- _Exercise instructions_: Type out the whole listing again exactly, pictures omitted.

- _Data segment_:
----
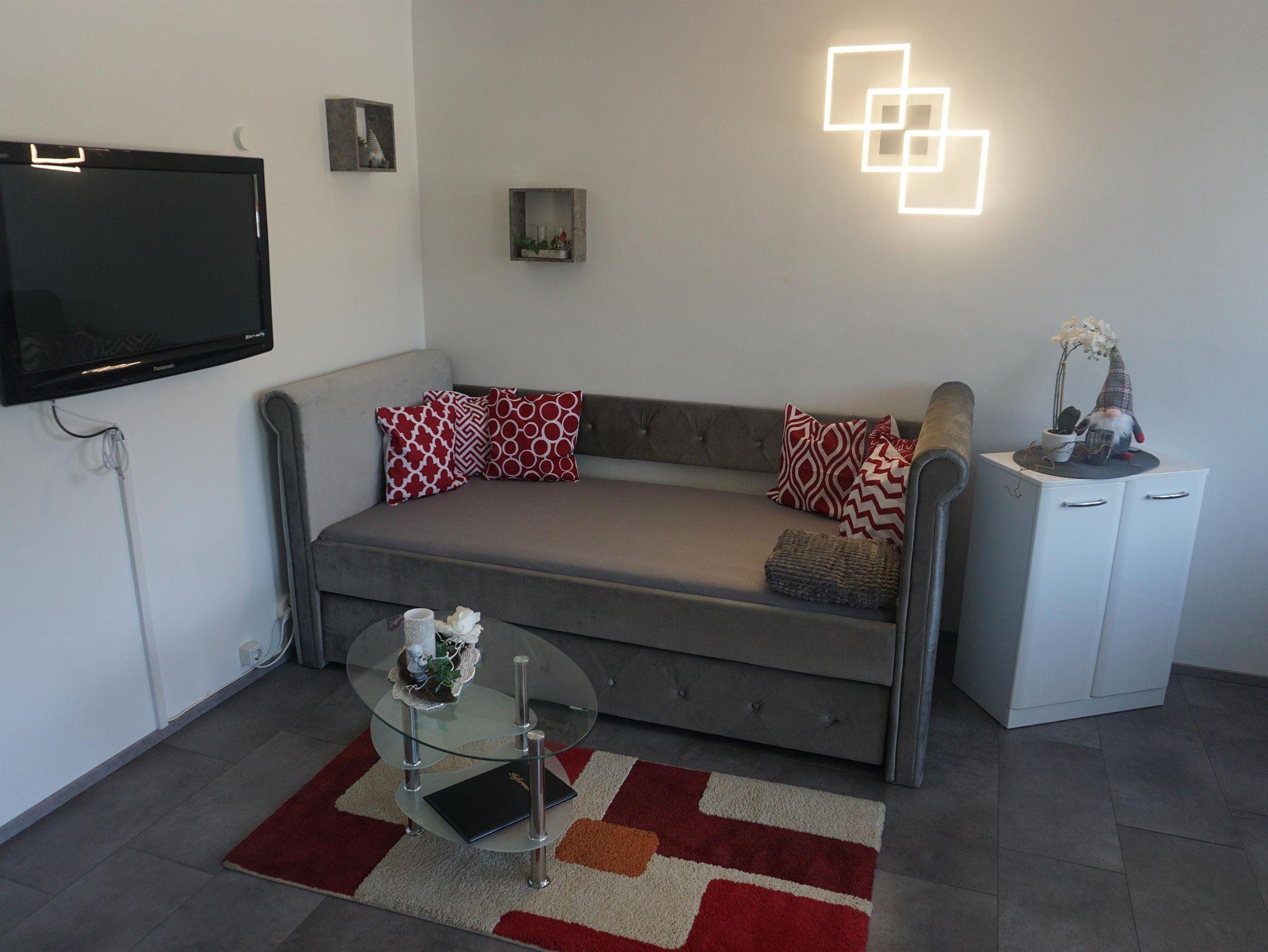 Das Appartement ist 32 m2 groß und besteht aus einem abgetrennten Küchenbereich, einem extra Bad, einem großen Wohn/Ess/Schlafbereich. Ausserdem gibt es einen kleinen Balkon zum Relaxen.
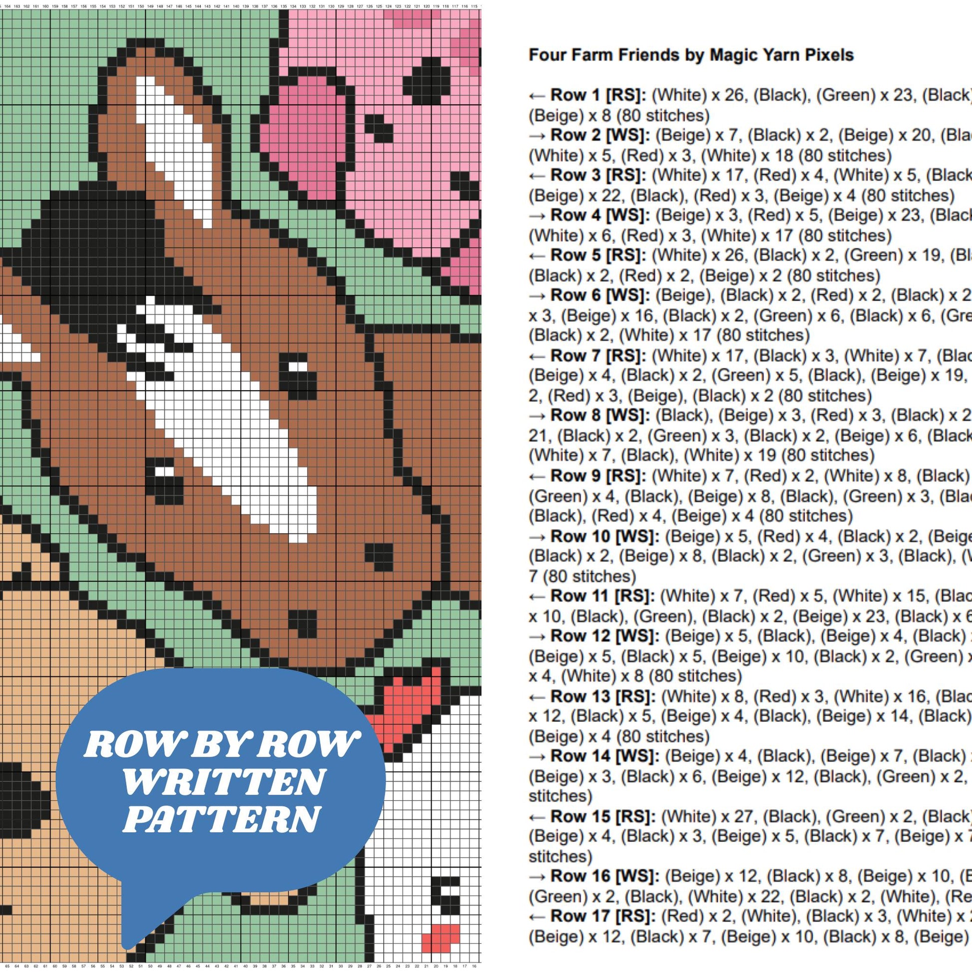 Farm Animal Friends Afghan Graph & Pattern C2C Tapestry Crochet - Farm Baby Blanket Pattern Horse Dog Puppy Chicken Pig - Crochet Baby Gifts
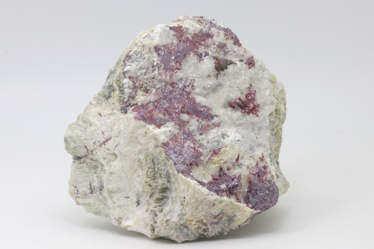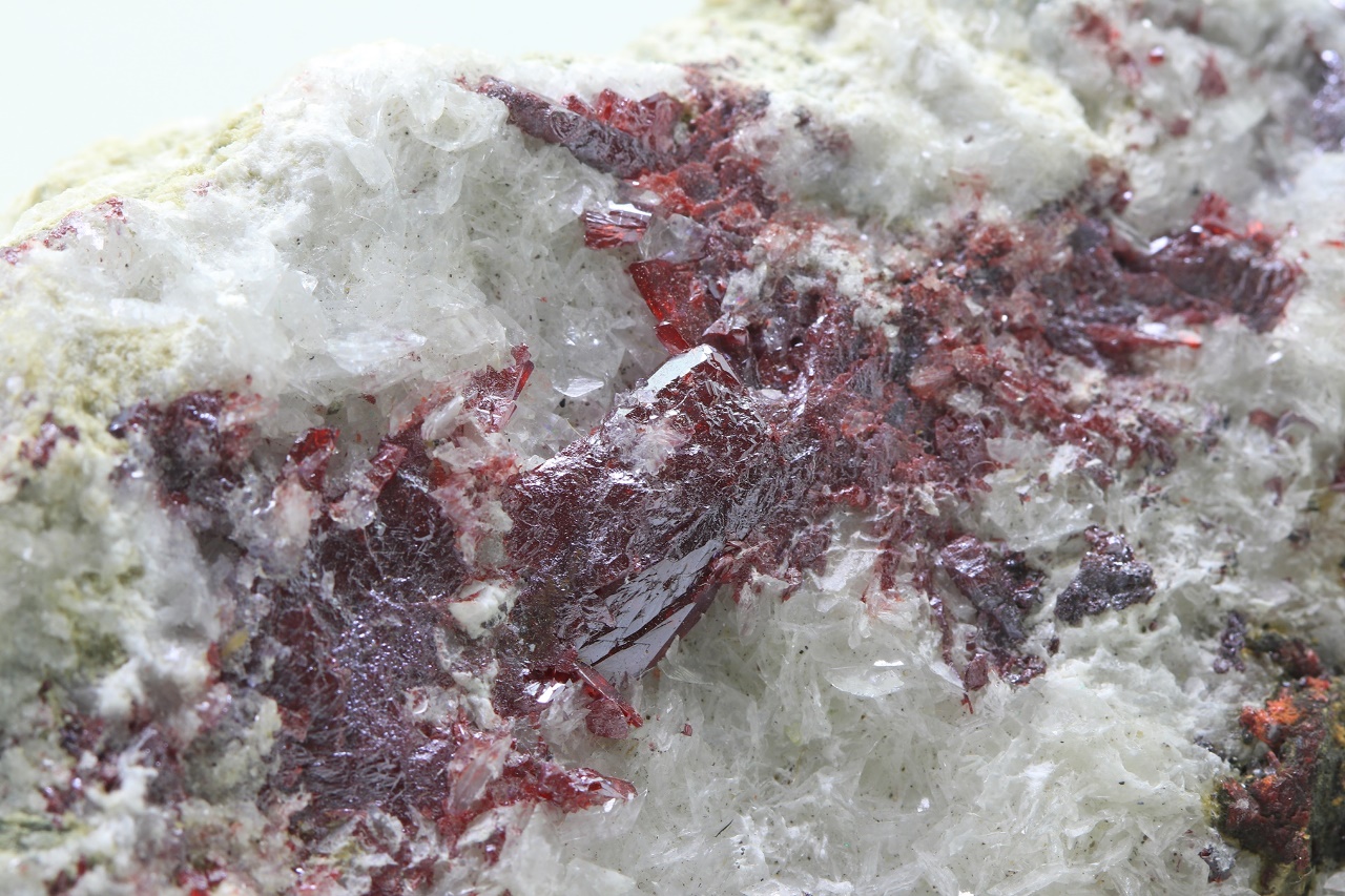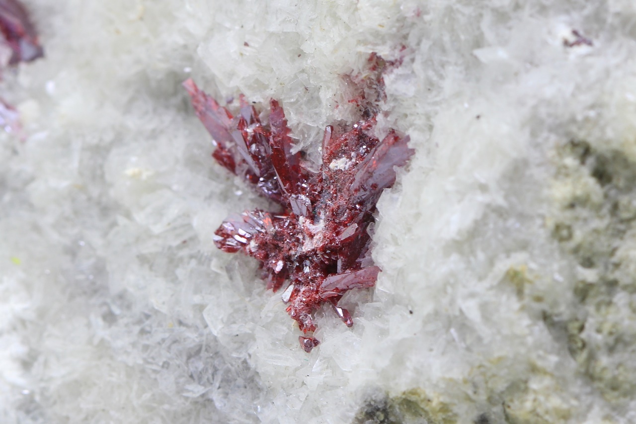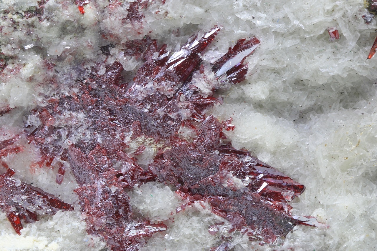 Reichhaltige Probe herrlicher, glänzender Kristalle von intensiv rotem Proustit auf kontrastierendem weißem Kalkstein. Der größte Kristall ist 7 mm groß.
----
- _Worked solution_:
 Das Appartement ist 32 m2 groß und besteht aus einem abgetrennten Küchenbereich, einem extra Bad, einem großen Wohn/Ess/Schlafbereich. Ausserdem gibt es einen kleinen Balkon zum Relaxen.
 Farm Animal Friends Afghan Graph & Pattern C2C Tapestry Crochet - Farm Baby Blanket Pattern Horse Dog Puppy Chicken Pig - Crochet Baby Gifts
 Reichhaltige Probe herrlicher, glänzender Kristalle von intensiv rotem Proustit auf kontrastierendem weißem Kalkstein. Der größte Kristall ist 7 mm groß.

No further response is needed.